You can set scaling for a service, to ensure that an appropriate number of pods are available to fulfil requests. An integrated load balancer is part of the Service.
A vanilla deployment starts with 1 pod:
$ kubectl get deployments
NAME READY UP-TO-DATE AVAILABLE AGE
kubernetes-bootcamp 1/1 1 1 47s
The scaling replication set can be viewed with:
$ kubectl get rs
NAME DESIRED CURRENT READY AGE
kubernetes-bootcamp-fb5c67579 1 1 1 47s
This can be changed with:
$ kubectl scale deployments/kubernetes-bootcamp --replicas=4
deployment.apps/kubernetes-bootcamp scaled
Now, extra pods with replica configurations will be created:
$ kubectl get deployments
NAME READY UP-TO-DATE AVAILABLE AGE
kubernetes-bootcamp 4/4 4 4 21m
$ kubectl get pods -o wide
NAME READY STATUS RESTARTS AGE IP NODE NOMINATED NODE READINESS GATES
kubernetes-bootcamp-fb5c67579-p4pxk 1/1 Running 0 63s 172.18.0.7 minikube <none> <none>
kubernetes-bootcamp-fb5c67579-q42js 1/1 Running 0 63s 172.18.0.9 minikube <none> <none>
kubernetes-bootcamp-fb5c67579-qzxjl 1/1 Running 0 63s 172.18.0.8 minikube <none> <none>
kubernetes-bootcamp-fb5c67579-rjmz4 1/1 Running 0 21m 172.18.0.2 minikube <none> <none>
$ kubectl get rs
NAME DESIRED CURRENT READY AGE
kubernetes-bootcamp-fb5c67579 4 4 4 21m
Likewise, we can scale down with:
$ kubectl scale deployments/kubernetes-bootcamp --replicas=2
deployment.apps/kubernetes-bootcamp scaled
Scaling events are logged in the deployments event log. See:
$ kubectl describe deployments/kubernetes-bootcamp
Name: kubernetes-bootcamp
Namespace: default
CreationTimestamp: Wed, 24 Aug 2022 17:40:26 +0000
Labels: app=kubernetes-bootcamp
Annotations: deployment.kubernetes.io/revision: 1
Selector: app=kubernetes-bootcamp
Replicas: 2 desired | 2 updated | 2 total | 2 available | 0 unavailable
StrategyType: RollingUpdate
MinReadySeconds: 0
RollingUpdateStrategy: 25% max unavailable, 25% max surge
Pod Template:
Labels: app=kubernetes-bootcamp
Containers:
kubernetes-bootcamp:
Image: gcr.io/google-samples/kubernetes-bootcamp:v1
Port: 8080/TCP
Host Port: 0/TCP
Environment: <none>
Mounts: <none>
Volumes: <none>
Conditions:
Type Status Reason
---- ------ ------
Progressing True NewReplicaSetAvailable
Available True MinimumReplicasAvailable
OldReplicaSets: <none>
NewReplicaSet: kubernetes-bootcamp-fb5c67579 (2/2 replicas created)
Events:
Type Reason Age From Message
---- ------ ---- ---- -------
Normal ScalingReplicaSet 29m deployment-controller Scaled up replica set kubernetes-bootcamp-fb5c67579 to 1
Normal ScalingReplicaSet 9m23s deployment-controller Scaled up replica set kubernetes-bootcamp-fb5c67579 to 4
Normal ScalingReplicaSet 48s deployment-controller Scaled down replica set kubernetes-bootcamp-fb5c67579 to 2
We can see that the load-balancing is working by making multiple requests to the application. Below, we view the service information, extract the node port, and make a request to the service, which is handled by one of the 4 pods.
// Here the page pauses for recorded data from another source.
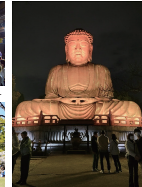
東海市のシンボル「聚楽園大仏」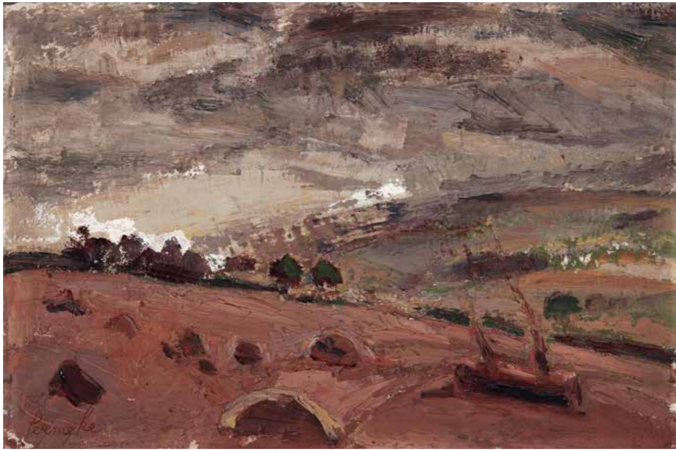
CAT. 21 Constant Permeke, Vue du Devon , 1917, huile sur triplex, 45,5 × 31 cm, collection privée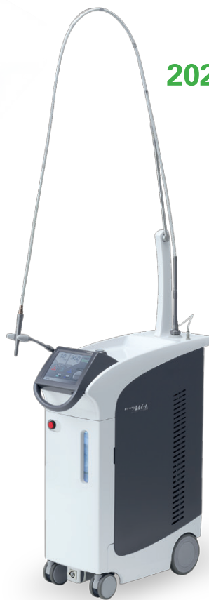
歯科用 Er:YAG レーザー装置 アーウィン アドベール EVO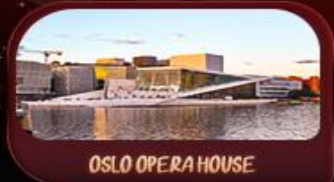
OSLO OPERA HOUSE

รหัสโปรแกรม : SEK156 95 วัน 6 คืน เช่าตั๋วเครื่องบิน-ออกโคเปนเฮเกน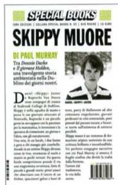
Paul Murray Skippy muore Isbn Edizioni

Per la collana Track di No Reply dedicata al racconto delle pietre miliari della musica rock, pop soul punk blues italiane e straniera, esce un saggio dedicato a Swordfishtrombones , uno dei lavori più intensi di Tom Waits. Non si tratta di un semplice racconto cronologico sulle varie tappe di registrazione dell'album, ma di una vera sequenza di storie e di curiosità su questo eccellente lavoro. La postfazione è affidata al cantautore Dente.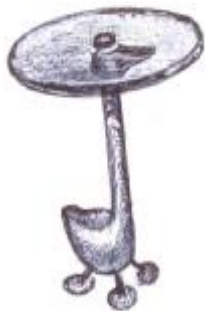
Мал. 5 А. Мендіні. Столик «Sirfo»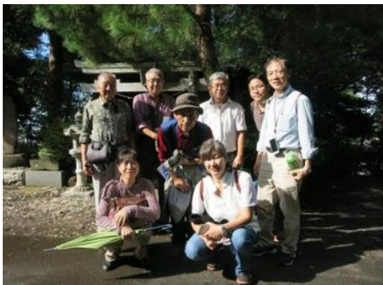
② 第一回ミステリーツアー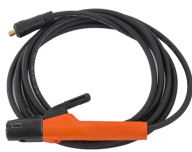
Welding cable 5 m 16 mm 2

Горелки Flexlite TX предназначены для использования со сварочными аппаратами TIG Kemppi. Ассортимент горелок включает несколько моделей шеек, эффективное охлаждение и легкий доступ к самым сложным стыкам.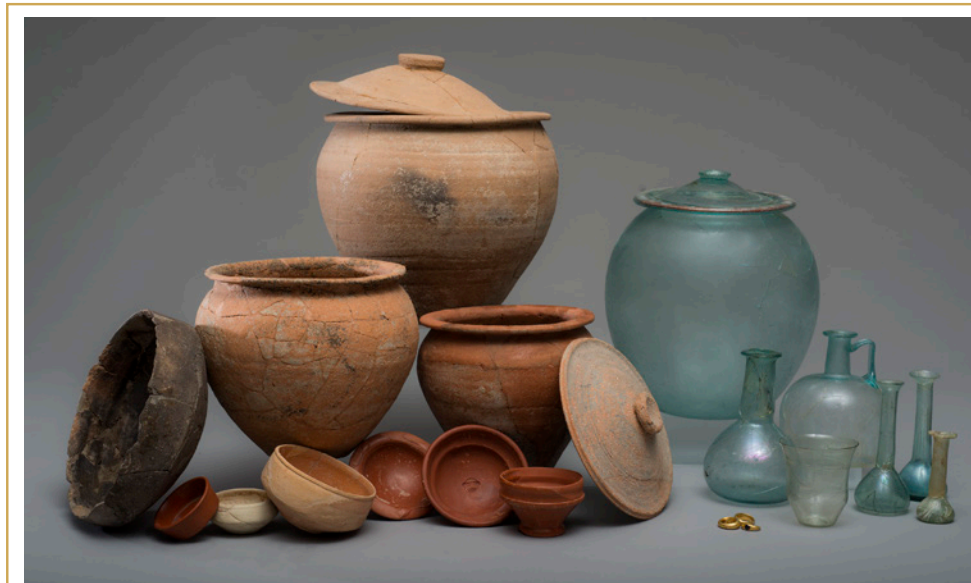
313 Répertoire des objets les plus fréquents dans les sépultures.

En ligne générale, le répertoire des objets qui accompagnent le défunt, est relativement standardisé (313). Il comprend des ustensiles liés à la toilette (des balsamiques qui sont des fioles à parfum (314), des miroirs en bronze), ou à la parure (bijoux), de la vaisselle qui devait contenir des liquides ou des aliments (coupes, gobelets ou cruches en verre ; pots, coupelles et cruches en céramique), des lampes aussi, ainsi que des petits vases en céramique miniature qui semblent avoir été fabriqués spécialement pour un usage funéraire ou rituel. Certaines sépultures recelaient une monnaie en bronze, l'obole à Charon, qui permettait au mort de s'acquitter du tribut nécessaire à son passage dans l'au-delà.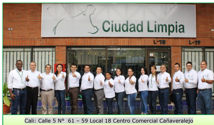
Cali: Calle 5 N° 61 - 59 Local 18 Centro Comercial Cañaveralejo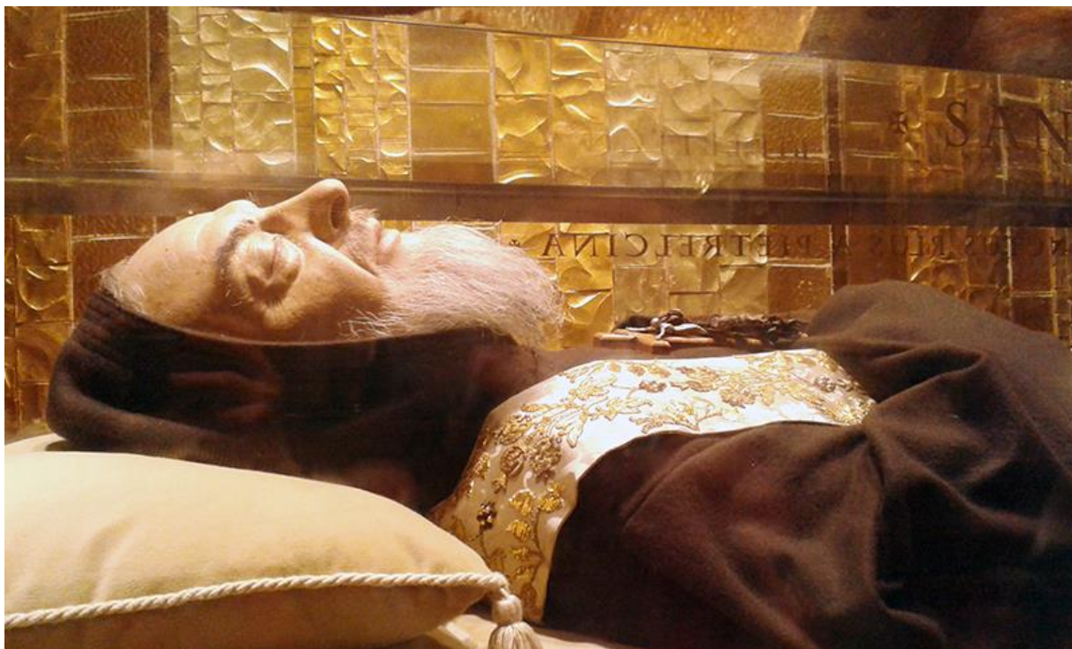
Neraspadnuto tijelo sv. Pija 52

Najveći plod njegove molitve, misticizma, života u katoličkoj duhovnosti, s posebnom privrženosti prema Gospinoj krunici, života u poniznosti, patnji za dobro drugih, ostaje zauvijek vidljiv na njegovu tijelu koje se, ni nakon 55 godina poslije njegove smrti, nije raspalo, a koje se čuva u crkvi sagrađenoj njemu u čast u San Giovanni Rotondu.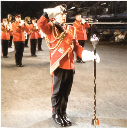
New Zealand Army Band.

$ kubectl describe services/kubernetes-bootcamp
Name: kubernetes-bootcamp
Namespace: default
Labels: app=kubernetes-bootcamp
Annotations: <none>
Selector: app=kubernetes-bootcamp
Type: NodePort
IP Families: <none>
IP: 10.108.183.223
IPs: 10.108.183.223
Port: <unset> 8080/TCP
TargetPort: 8080/TCP
NodePort: <unset> 32555/TCP
Endpoints: 172.18.0.2:8080,172.18.0.7:8080,172.18.0.8:8080 + 1 more...
Session Affinity: None
External Traffic Policy: Cluster
Events: <none>
$ export NODE_PORT=$(kubectl get services/kubernetes-bootcamp -o go-template='')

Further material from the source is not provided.